I start the boinc clients up with the remote control switch.

./boinc -allow_remote_gui_rpc

The boinc client then listens on an IP port.
So no file sharing needs to be setup.

boincview runs on a windows PC anc can monitor any of my nodes that it can reach via IP.

You set boincview up to use network access rather than file sharing.

Mustard
09-16-2005, 12:39 PM
Since this is about who took all the work and boinc operation.........

using the linux boinc client 4.19. Assume that you are loaded up on seti for a day or so. To run those out without contacting the server to download any more work units, what do you dor? Or is it even possible?

PCZ
09-16-2005, 02:03 PM
I do it with boincview.

third button in from the right. 'disable work requests for the selected project'



Bok you may not have found this yet.
To view STD and LTD right click on the grey projects tab and select them.
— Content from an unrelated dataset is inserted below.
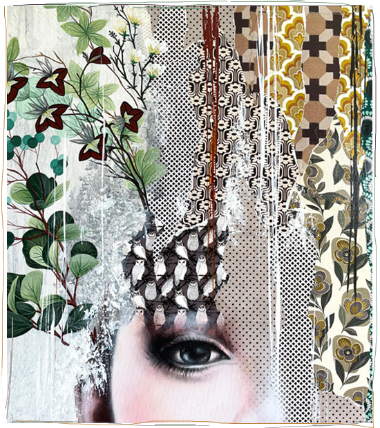 - Created with mixed media, including acrylic paint, hand-torn paper, and rich textures.

Also the default polling interval is 5 secs, that is way too short if you are monitoring a farm.
Boincview will freeze up if you use this setting with a lot of clients.
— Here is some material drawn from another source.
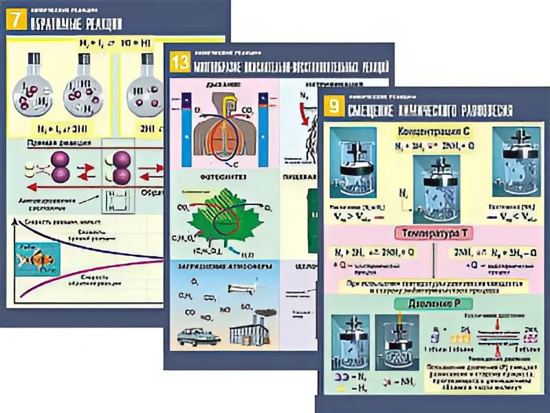 Комплект таблиц по химии демонстрационных "Химические реакции" (14 таблиц, формат А1, ламинированные) - fgospostavki.ru - Красный Сулин

I set it at somehere netween 60 and 90, randomising a bit so that boincview doesn't try to poll all the clients at the same time,

Bok
09-16-2005, 02:24 PM
So what exactly is long and short term debt in this case ?

An indicator for when you are going to go into EDF mode ?

Bok

p.s. got all my boxen hooked up to boincview now..

p.p.s X2 #2 arrived an hour ago, need to go get a PSU and it should be running tonight :)

PCZ
09-16-2005, 02:33 PM
STD is not a problem, LTD is.

A project that has built up too much LTD will stop crunching and will not download new work.

It usually happens because boinc has been running in shortest deadline first mode
and a project has had more than its share of CPU time.